The Markup does occasionally rely on our own short URLs in our Twitter posts, to measure traffic or for aesthetic reasons. We count the number of aggregate clicks on each short URL but do not track individual people or IP addresses.
That lets us understand the various sources of our website traffic without invading anyone’s privacy.
Finally, while the tracking that happens in URL redirects is almost imperceptible, like other ad tech that loads on the article page, each redirect slows down the article load time. By eliminating these redirects, we reduce privacy risks while marginally speeding things up.
We’re not interested in building things that already exist, so before writing our own link shortener, we tried to find out whether a privacy-minded tool already existed. So when we found Shlink, an open source URL shortener written by software developer Alejandro Celaya, we decided to use it.
Shlink has functionality similar to Bitly’s but is designed to run on one’s own server.
Our self-hosted Shlink server takes care of most of the heavy lifting—keeping track of our short URLs and redirecting them to the longer original article URLs.
For example, when you click on mrkup.org/amazon-brands, our Shlink server is what sends you to https://themarkup.org/amazons-advantage/2021/10/14/amazon-puts-its-own-brands-first-above-better-rated-products.
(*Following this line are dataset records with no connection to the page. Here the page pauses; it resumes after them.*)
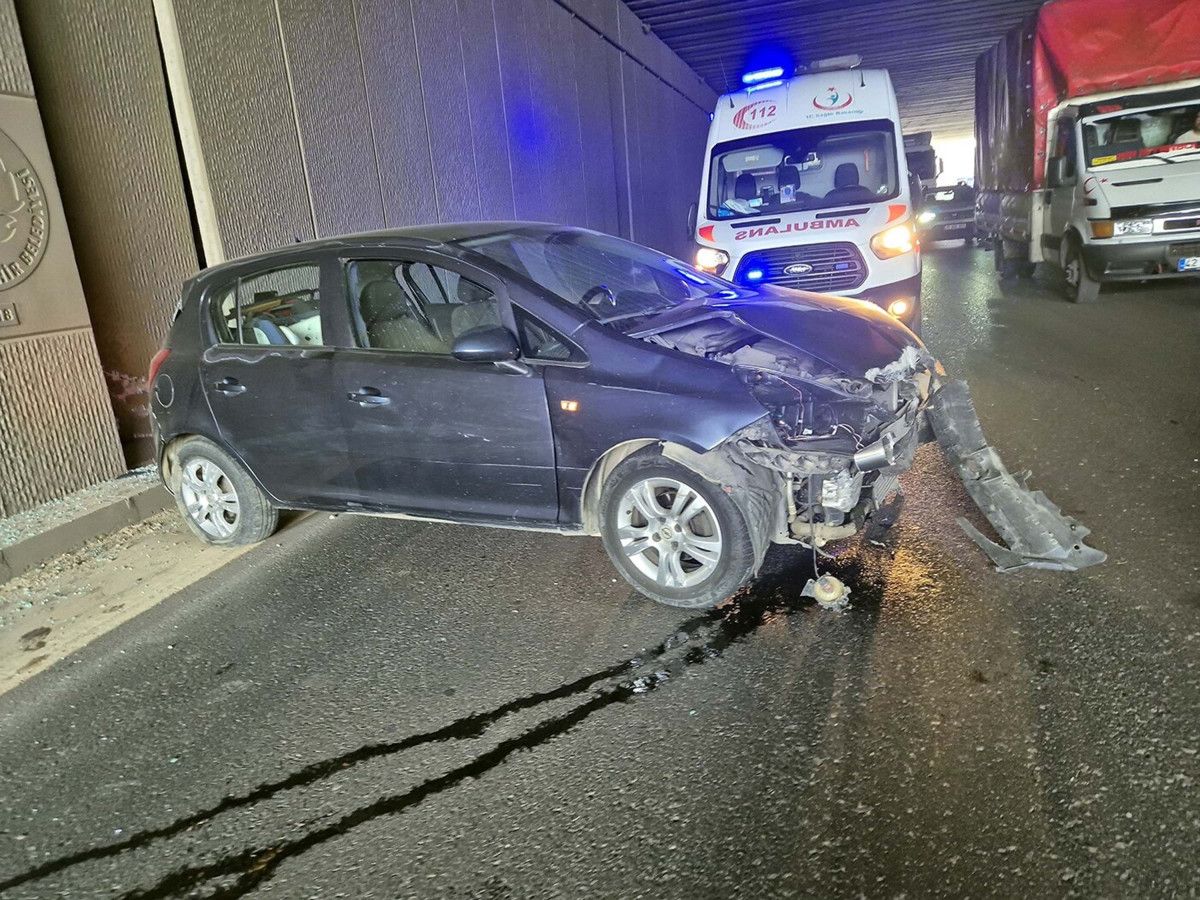 Ankara yönüne giden Elifnur Saltık Tüzün yönetimindeki otomobil, Manisa'nın Turgutlu ilçesinde lastiği patlayınca kontrolden çıkıp, girdiği tünelin duvarına çarptı.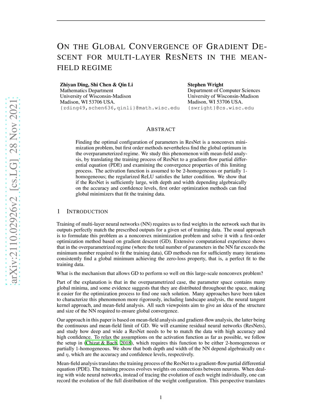 Finding the optimal configuration of parameters in ResNet is a nonconvex minimization problem, but first-order methods nevertheless find the global optimum in the overparameterized regime. We study this phenomenon with mean-field analysis, by translating the training process of ResNet to a gradient-flow partial differential equation (PDE) and examining the convergence properties of this limiting process. The activation function is assumed to be -homogeneous or partially -homogeneous; the regularized ReLU satisfies the latter condition. We show that if the ResNet is sufficiently large, with depth and width depending algebraically on the accuracy and confidence levels, first-order optimization methods can find global minimizers that fit the training data.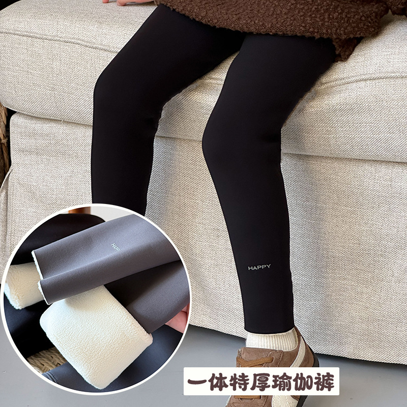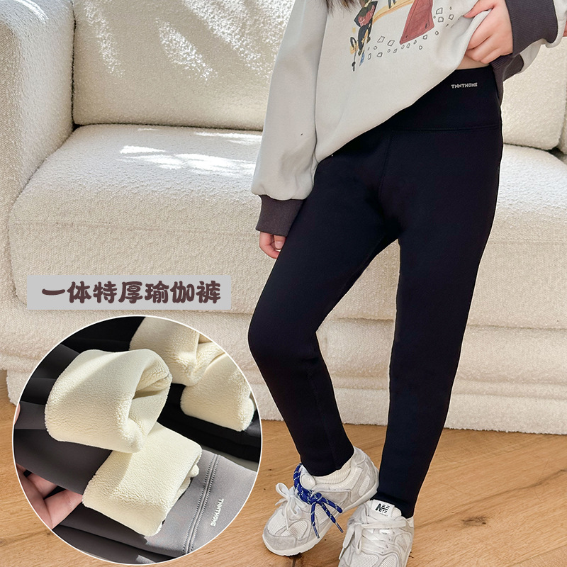 咘米儿新款一体加厚儿童鲨鱼裤学生显瘦加绒裤外穿高腰女童瑜伽裤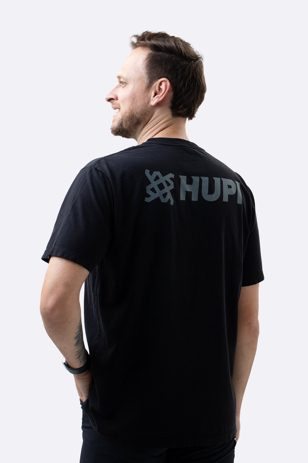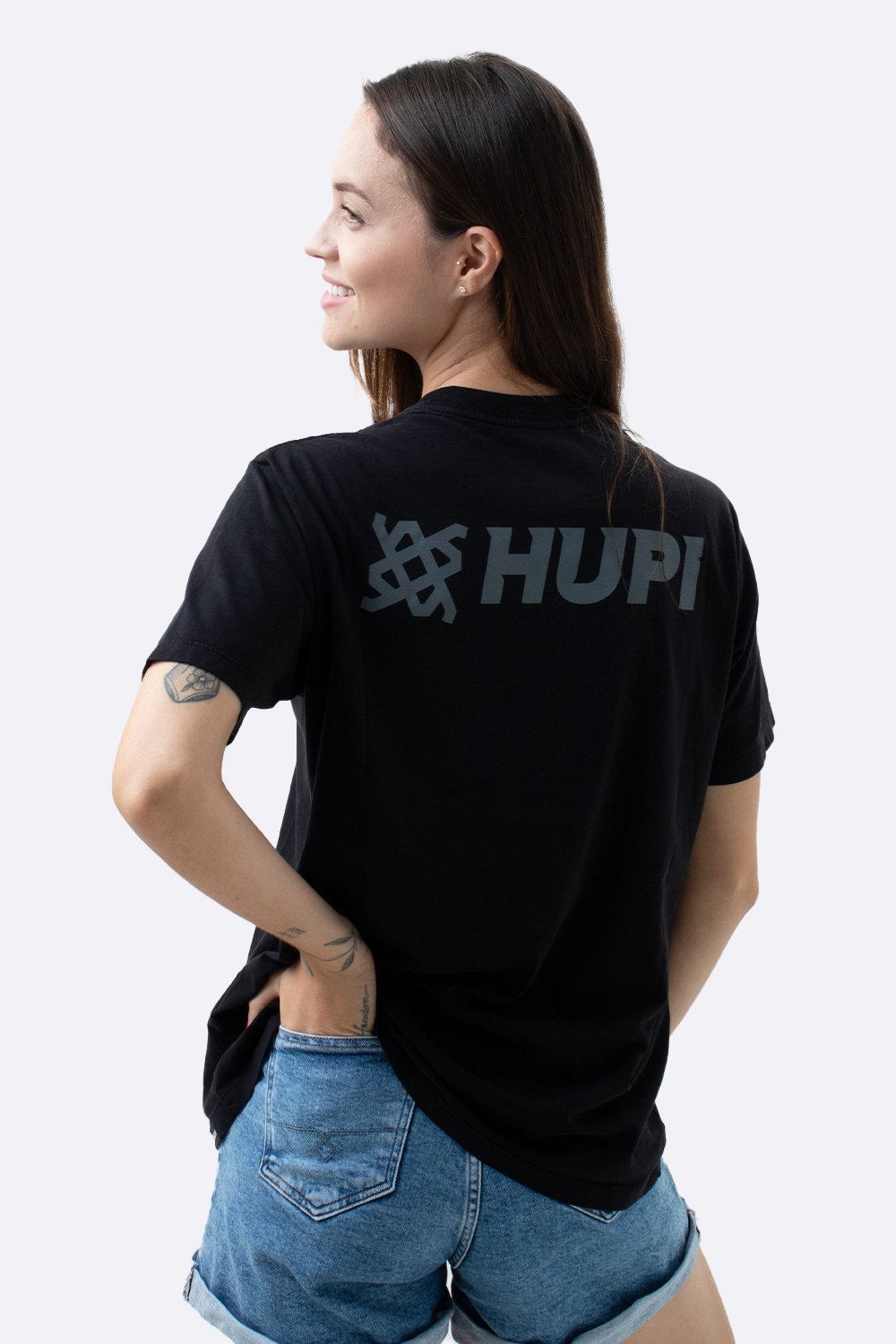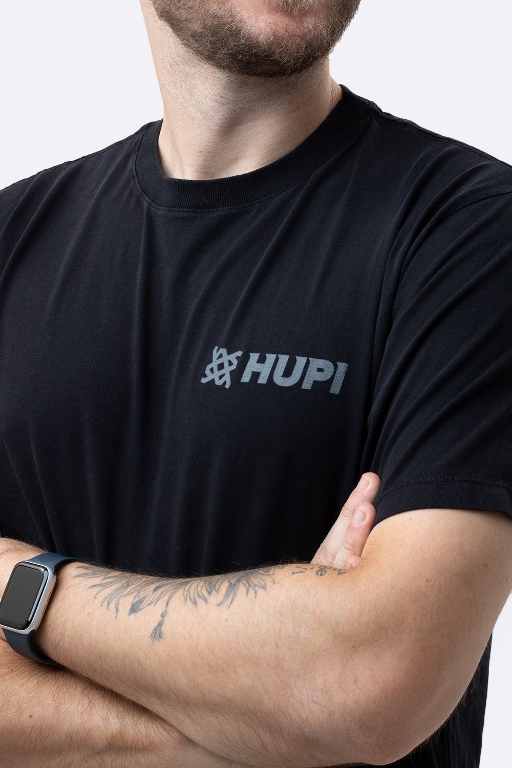 Na parte de trás, o nome HUPI aparece centralizado em tamanho maior, reforçando a presença da marca de forma limpa, direta e visualmente marcante.

Shlink also includes a feature that avoids tracking our visitors by IP address. When we were testing out the software, we discovered a bug that meant IP addresses were being tracked anyway and logged a request with Celaya to fix it.
We appreciated how seriously Celaya took the request, and he fixed the bug in a day.
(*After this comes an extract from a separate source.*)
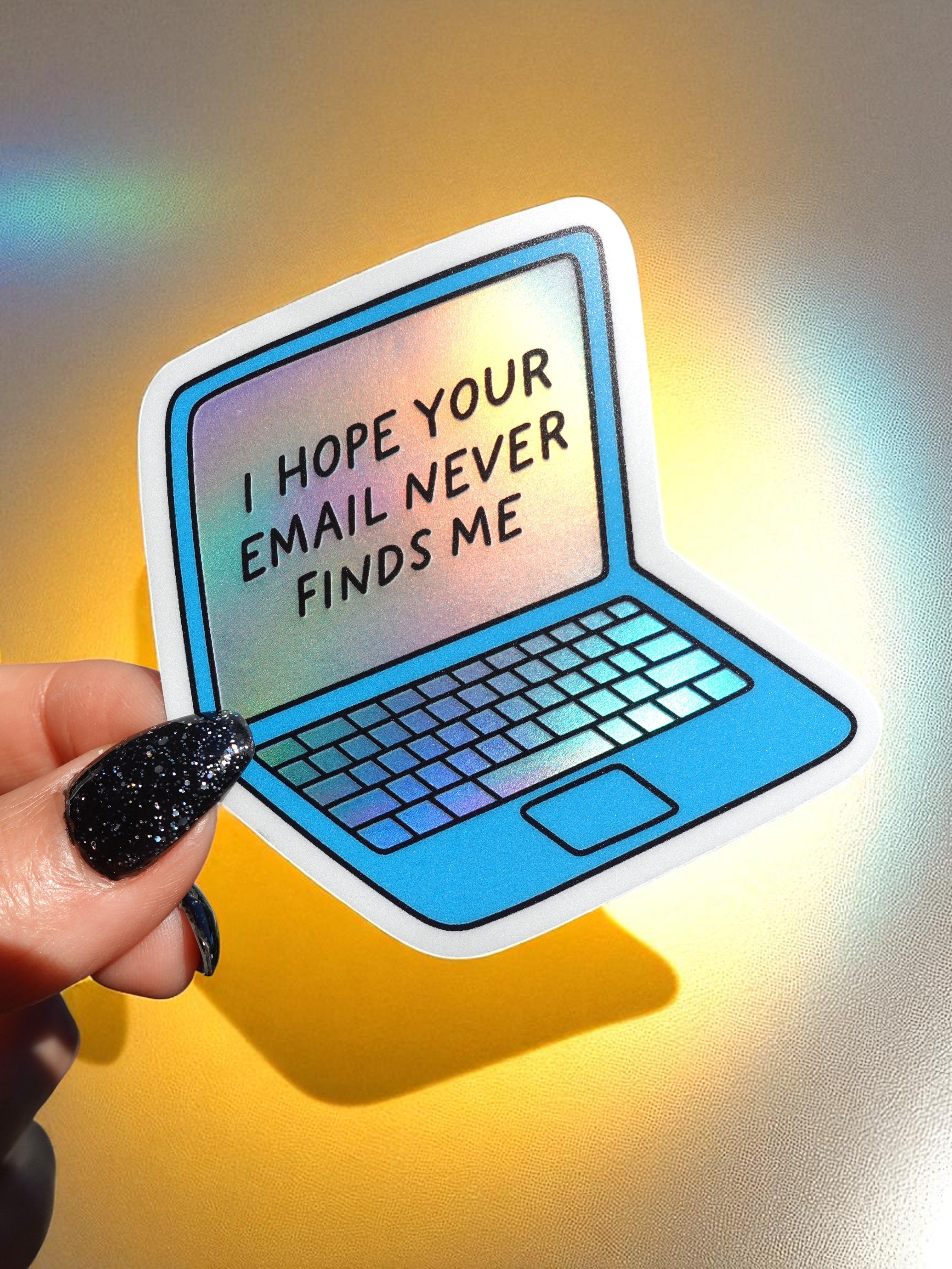 I Hope Your Email Never Finds Me Sticker – Holographic Laptop Vinyl – Funny Work from Home Burnout Humor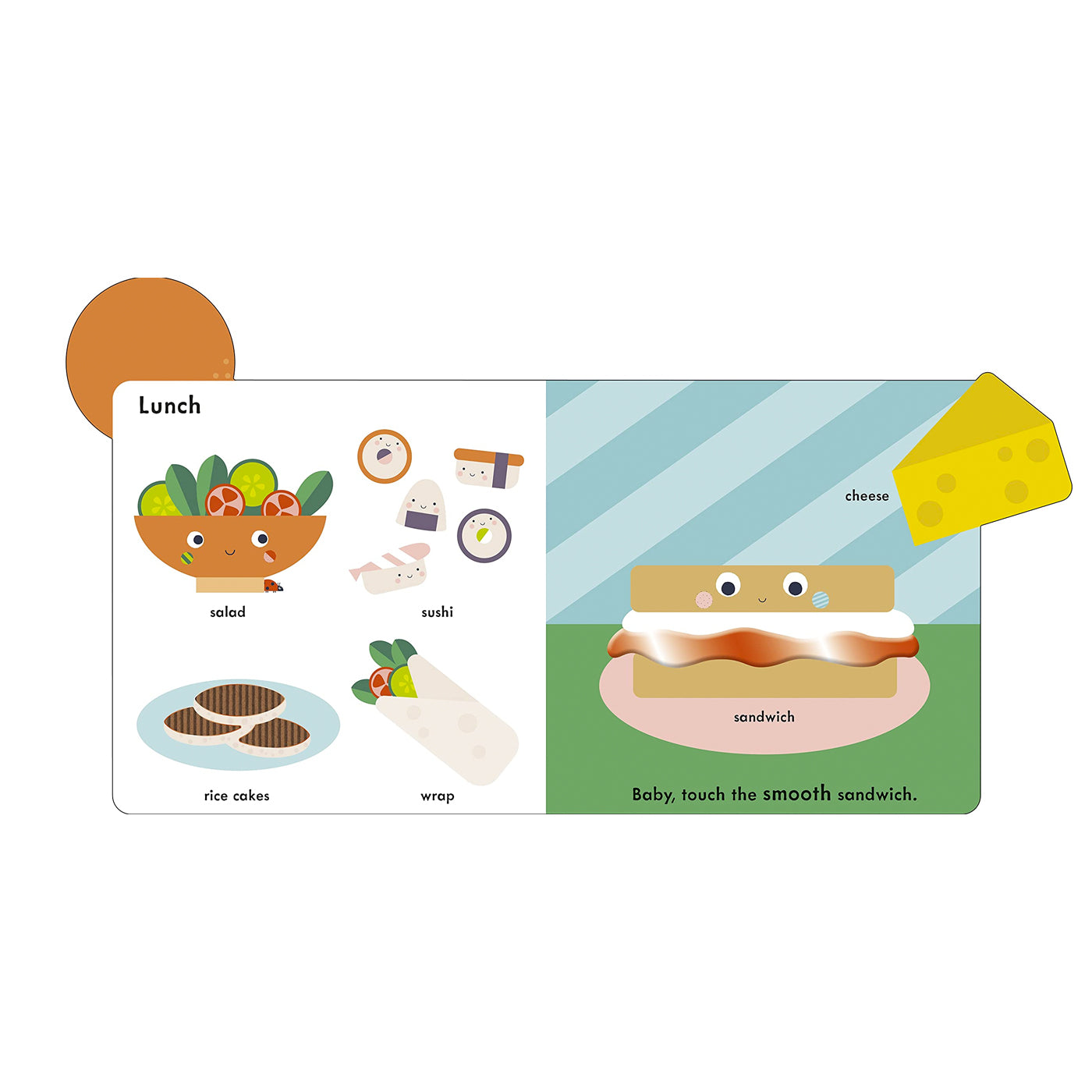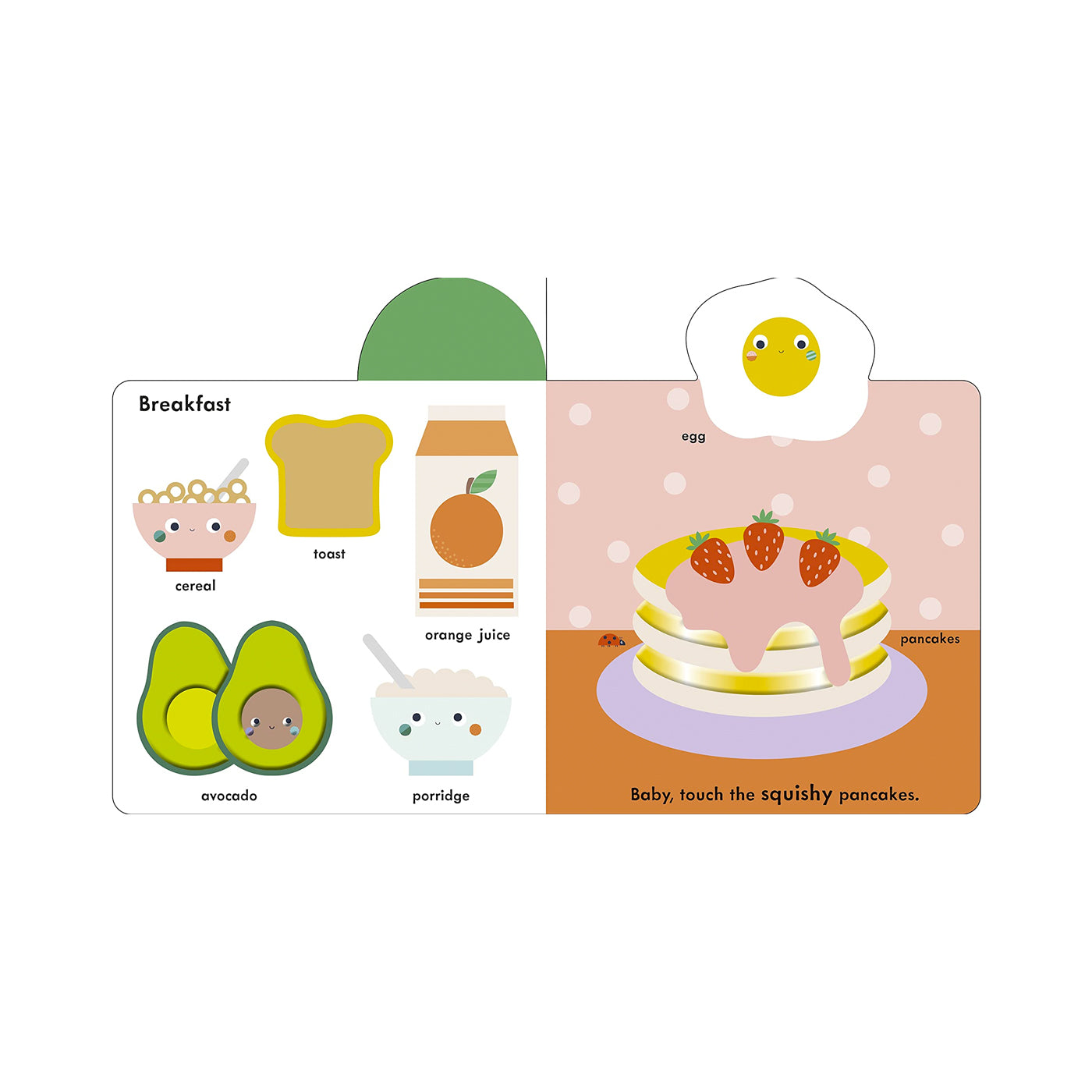 Besinler temalı bu etkileşimli kitap, dokunsal alanları, parlak ve kontrast renkleri ile bebeklerin duyusal gelişimine destek oluyor. Sağlıklı besinlerin betimlendiği sayfalardaki dokulu yamalar ise bebeklerin keşfetme duygusunu teşvik ediyor.

The software part that we’ve built on top of Shlink’s URL shortener is a WordPress plugin we’re releasing called Smol Links. The plugin lets our editors create and manage short URLs from our existing WordPress CMS, a user interface they are already familiar with.
The plugin has an option to automatically generate new short URLs anytime a story gets published, which was an essential feature for sending out SMS announcements.
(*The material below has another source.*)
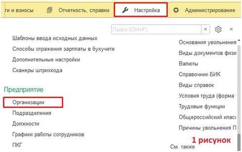 Для этого в карточке организации (меню Настройка – Предприятие – Организации или Реквизиты организации) см. рис. 1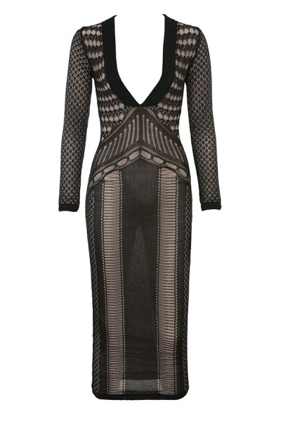$71.70FREE DELIVERY ON YOUR ORDER Description Cut from our luxury knit that's blended with plenty of stretch in timeless black, our 'Lilla' midi dress is ultra feminine. It's pencil silhouette features a low rounded neckline with a rouleau tie to the front and elongated short sleeves. The pretty openwork detail throughout…

The plugin uses WordPress filter hooks to offer more customization possibilities—for example, to append query string arguments to each long URL.
Because mrkup.org is hosted on server infrastructure we have full control over, running code we can observe and modify, it means we have more confidence about what happens to our readers’ click data.
It means we are not limited to choosing between the ad-tech panopticon and no traffic insights whatsoever.
Smol Links lets us measure where our visitors come from in general without undermining the trust in our privacy promise that we’ve worked hard to earn.
Last year, our audience team wanted to experiment with sending out SMS notifications, announcing via text message whenever we’d publish an article.
We ran this experiment for five months and originally set up our own partially disemvoweled domain, mrkup.org, in order to fit article updates within the 160-character limit of a text message.
Another essential feature for sending out SMS announcements was the ability to generate new short URLs anytime a story gets published. That’s what drove us to find Shlink and then build Smol Links on top of it.
After looking at aggregate traffic numbers, we saw that SMS was not a popular way for our readers to get article updates, so we decided to end that experiment.
But we continued to use the URL shortener on other social media platforms like Instagram, where hypertext links are not natively supported except as a sticker in Stories.
Join us in building a better World Wide Web, starting with the modest short URL redirect. You can download Smol Links in the WordPress Plugin Directory or download it from GitHub. We look forward to reading your issues and pull requests.
We intend to do more of that work in public, sharing what we know about maintaining privacy-respecting systems and releasing some of the software we’ve written.
We hope this effort might encourage others to make a similar investment on behalf of their own website visitors and help us gather feedback about where we might have room for improvement.